Взятие и доставка в лабораторию проб фекалий

Рукой в резиновой перчатке берут примерно 100 г фека­лий из прямой кишки животных или только что выделивших­ся при испражнении. В последнем случае берут пробу с верх­ней части экскрементов, не соприкасавшейся с полом или поч­вой. Руку и пинцет после взятия каждой пробы тщательно моют. Пробы от мелких животных берут с помощью груши. Вращательными движениями наконечник груши вводят в пря­мую кишку. При сдавливании груши воздух входит в кишку. Затем наконечник груши вынимают. Эта манипуляция вы­зывает рефлекторный акт дефекации. После каждого взятия пробы наконечник груши тщательно промывают. Взятый материал регистрируют в описи сопроводительного доку­мента.

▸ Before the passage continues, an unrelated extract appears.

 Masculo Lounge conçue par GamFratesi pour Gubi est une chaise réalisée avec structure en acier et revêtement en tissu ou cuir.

Каждую пробу помещают в пакетик из плотной бумаги или целлофановый, нумеруют и отправляют в лабораторию с описью в сопроводительном документе. В нем указывают хозяйство, отделение или владельца животных, вид и количество их в стаде (отаре, табуне), дату взятия проб и цель исследо­вания.

В лабораторию отправляют пробы не более суточной дав­ности со времени их взятия. При исследовании на диктиокаулез и стронгилоидоз пробы следует доставлять в лабораторию не позже чем через 4 ч после взятия.

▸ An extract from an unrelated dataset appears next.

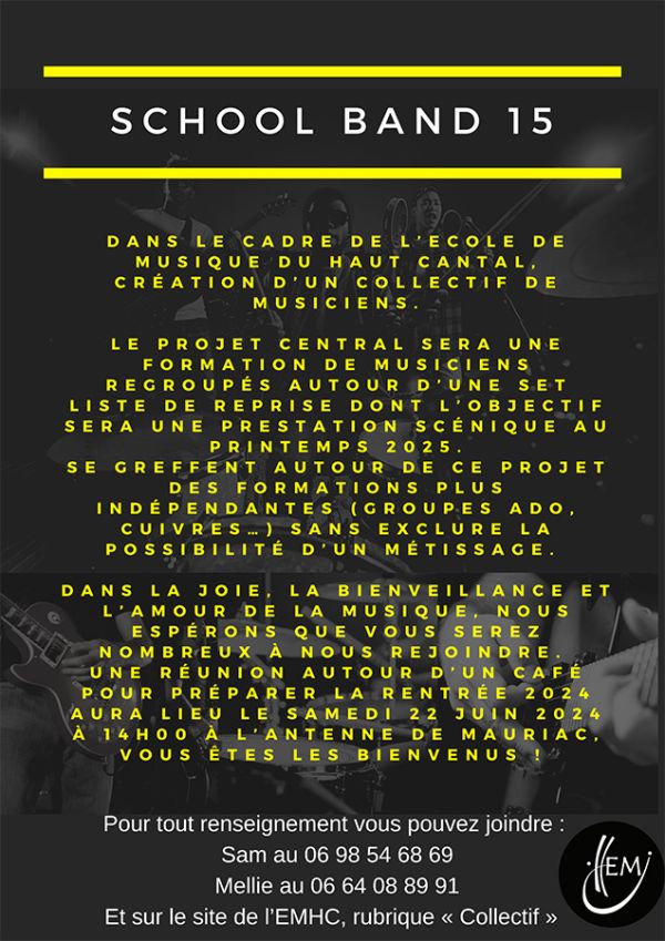 Dans le cadre de l’Ecole de Musique du Haut Cantal, création d’un collectif de musiciens.

Если нет возможности своевременно доставить пробы в лабораторию, их можно консервировать, используя для этой цели физические и химические методы консервации.

Из физических методов наиболее распространенным и простым является воздействие низких температур. Пробы по­мещают в холодильник при температуре +2…-4°С, что задерживает развитие личинок.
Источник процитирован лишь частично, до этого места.